Picture 1. Reduced skin turgor in severe dehydration
- Muscle cramps (due to loss of sodium, potassium or magnesium)
- Extreme tiredness
- Sunken eyes or front fontanel in infants (Picture 2)
- Confusion, coma
Picture 2. Signs of severe dehydration in infant
Laboratory Findings in Severe Dehydration
Blood test may show:
- Increased blood urea nitrogen (BUN), creatinine and urine specific gravity
- Levels of sodium, potassium and magnesium may be increased, decreased or unchanged (2).
Treatment of Dehydration in Adults and Children after Age of 2
Treatment of mild dehydration is by drinking water, tea, orange, lemon, grapefruit or banana juice, re-hydration solutions (e.g. Pedialyte, Infalyte, Naturalyte, Rehydralyte, etc.) or sport drinks (e.g. Gatorade), available in food stores without prescription.
Drinks to avoidin dehydration: caffeinated and alcohol drinks, diet soda sweetened by HFCS or sorbitol, milk and high-fructose fruit juices (like apple, pear, prune or peach juice) that may all aggravate diarrhea.
Treatment of severe dehydration is by intravenous fluids (in hospital), which can replace lost water and electrolytes (sodium or potassium) quickly.
Treatment of Dehydration in Small Children
Children under two years of age are more susceptible to dehydration because of their low weight.

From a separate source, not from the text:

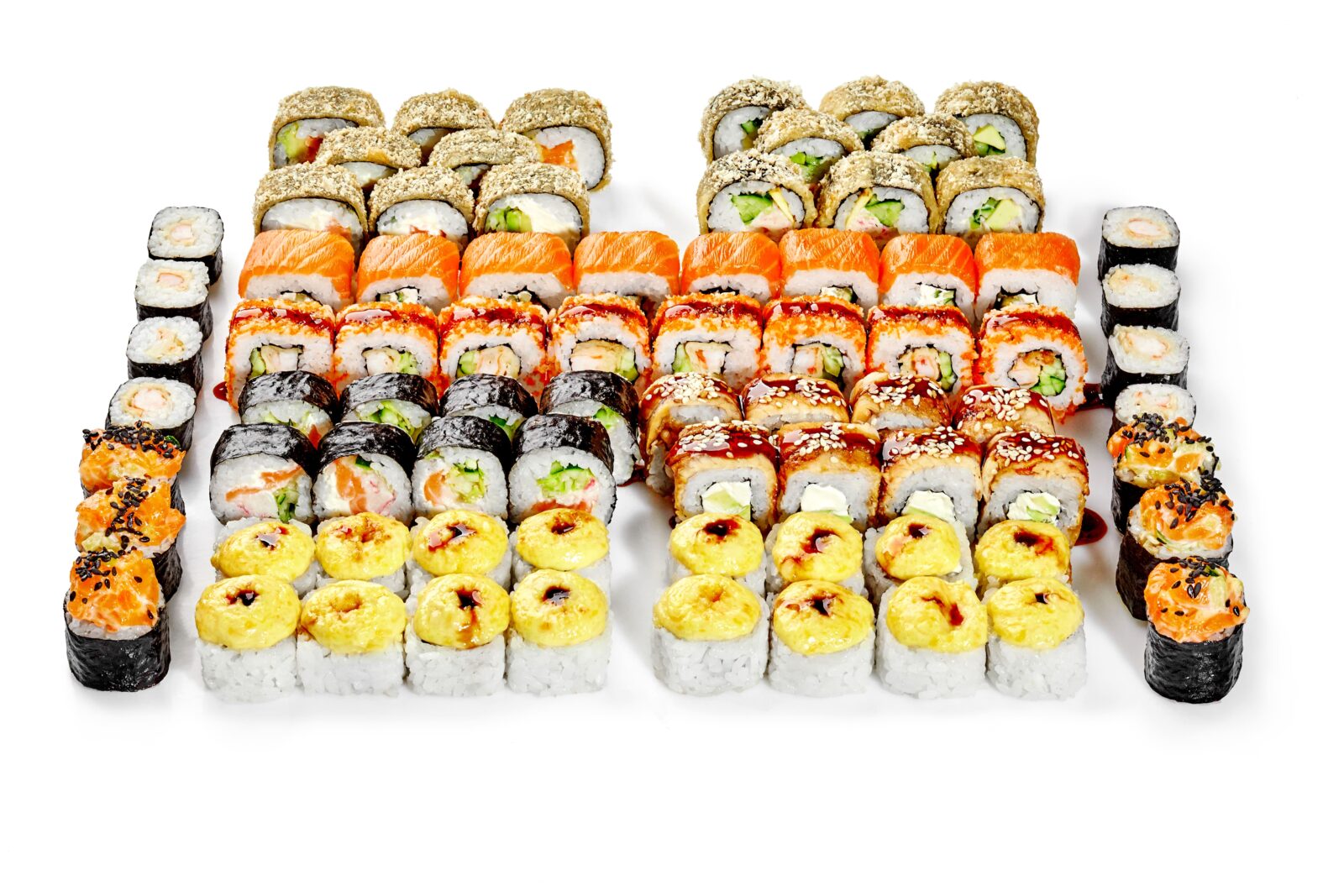 - Меню насчитывает более 200 позиций: роллы, сеты, пицца, суши-бургеры, горячие блюда и десерты.

Infants with any extent of dehydration should be checked by a doctor who can prescribe appropriate oral rehydration solution (ORS). Breastfeeding should continue and ORS given. Plain water is not enough since it doesn’t contain electrolytes (Na, K) lost in diarrhea.
If a doctor can not be contacted and ORS is not available, a homemade rehydration solution may be prepared (exact amounts should be used!) (2):
- 1 liter of safe drinking water (boiled and cooled down to room temperature),
- 1 level teaspoon (5g) salt (NaCl),
- 8 level teaspoons (40g) sugar (sucrose),
- (100 ml of orange or banana juice, if available, as source of potassium, and to improve the taste).
Fluid should be given by a teaspoon until the amount of urine returns to normal and becomes clear. If baby vomits, rehydration should be tried after 10-15 minutes again. If baby is on formula, switching to a lactose-free formula should be tried. Cow’s milk and undiluted fruit juices should be avoided. In poor countries, WHO-ORS (oral rehydration solutions provided by World Health Organization) powdered packages are available. Water should be boiled before preparing the solution; a fresh solution has to be prepared every day.
NOTE: If oral rehydration is not possible from any reason, a doctor should be visited promptly.
Complications of Dehydration
Complications of dehydration include seizures, shock with rapid heart beat and shallow breathing, kidney failure (no urination), brain edema, coma and finally death. Permanent damage of the brain and kidneys may occur.
About 2.2 million young children worldwide (about 50 children in US) die every year from dehydration caused by diarrhea.